Cover certification testing
Cover non functional testing (performance, security....)

How

Scope

High priority components:

CodeFlare operator
KubeRay
MCAD
ODH Distributed Workloads Component

Lower priority components

CodeFlare SDK
MCAD dashboard
InstaScale

Test Approach

Test levels and requirements:

PR automated check:

Test execution speed is critical to provide fast feedback (less than 30 minutes)
Focusing on functional testing, avoid long running tests with lower value
Test composition (first execute unit tests, when unit tests pass then run e2e tests)
Use parallelization where possible to speed up execution

Nightly build check (to be implemented once nightly builds are available):

Relaxed test execution speed requirements (i.e. 2 hours)
Running complete test suite
Test also integration with ODH Distributed Workloads Component

Release build check:

Test speed is important to be able to provide a build fast (less than 1 hour):
Focusing on functional testing, avoid long running tests with lower value (tested by nightly checks)

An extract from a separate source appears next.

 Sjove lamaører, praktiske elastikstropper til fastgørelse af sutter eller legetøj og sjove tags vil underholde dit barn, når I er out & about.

Testing levels and Type of testing:

Test type/development cycle	Feature developer	PR automated checks	PR review by reviewer	Nightly automated checks	Release automated checks
Manual testing	Yes	No	Yes	No	No
Unit testing	Yes	Yes	No	Yes	Yes
End to end testing	Yes	Yes	No	Yes	Yes
Integration testing	Optional	Yes	No	Yes	Yes
Upgrade testing	Optional	Yes	No	Yes	Yes

Glossary:

Manual testing - Manual verification of the functionality.

Unit testing - Unit tests covering the base functionality.

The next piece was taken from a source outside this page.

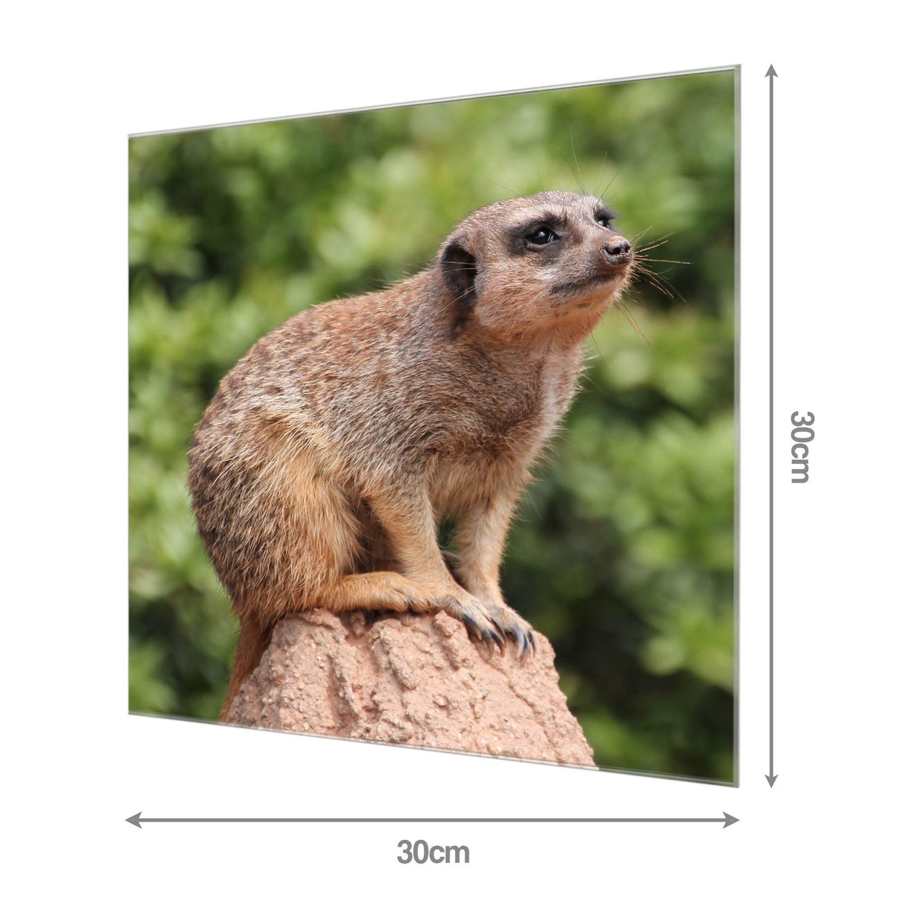 Material: 4mm Sicherheitsglas mit Metallrückwand Eigenschaften: beschreibbar, magnetisch, kratzfest Maße: 30x30x0,6cm, 1,89 kg schwer Motiv Nummer 10284 Sitzendes Erdmännchen Zubehör: inklusive 4 Neodym-Magnete

End to end testing - Testing including all CodeFlare components, running in a cloud.

Integration testing - Testing of interactions between ODH components and CodeFlare components in a cloud.

Upgrade testing - Testing of component upgrades (deploy new operator version) in a cloud.

Test Environment

Test environment depends on resource requirements of executed tests. For unit tests we will leverage GitHub actions runner. For end to end/integration/upgrade testing we will currently use KinD cluster running on GitHub actions runner. In case the resources provided by GitHub actions runner are not sufficient we can consider alternatives like testing farm.

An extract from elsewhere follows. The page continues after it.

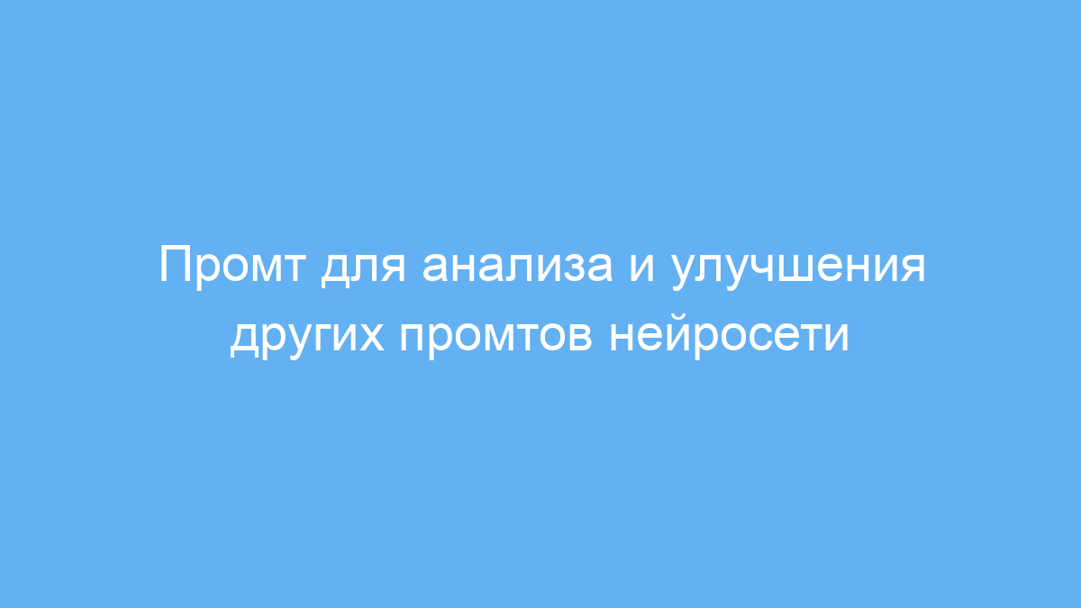 Промт решает задачи глубокой проверки промтов по заданным критериям, сокращения неоднозначности и избыточных элементов. Он позволяет получить структурированный анализ с четкими рекомендациями, что повышает точность и полезность итогового результата от нейросети.

For OpenShift testing we consider leveraging OpenShift-CI.

Defect Management

Bug logging

Bugs found by testing are reported as GitHub issues in respective repository. Every bug description has to contain steps to reproduce.

Bug fixing

Bugs are going to be fixed in a similar approach as new features - planned as part of sprint planning, fixed through PRs. If possible the fix contains test coverage, preventing the issue from happening again.

Test Suite

E2E Test Cases

Setup

The following steps must be executed once, with a cluster admin role, as prerequisites to running the e2e test cases:

Provision a test Kubernetes cluster (resp. an OpenShift cluster)
Build the CodeFlare operator container image:

Clone the CodeFlare operator source code repository
Checkout the branch to be tested, e.g., the PR feature branch, i.e. git clone --branch mytag0.1 --depth 1 https://example.com/my/repo.git
Build the CodeFlare operator container image at HEAD revision
Push the CodeFlare operator container image into a test container image registry (resp. the OpenShift cluster internal image registry)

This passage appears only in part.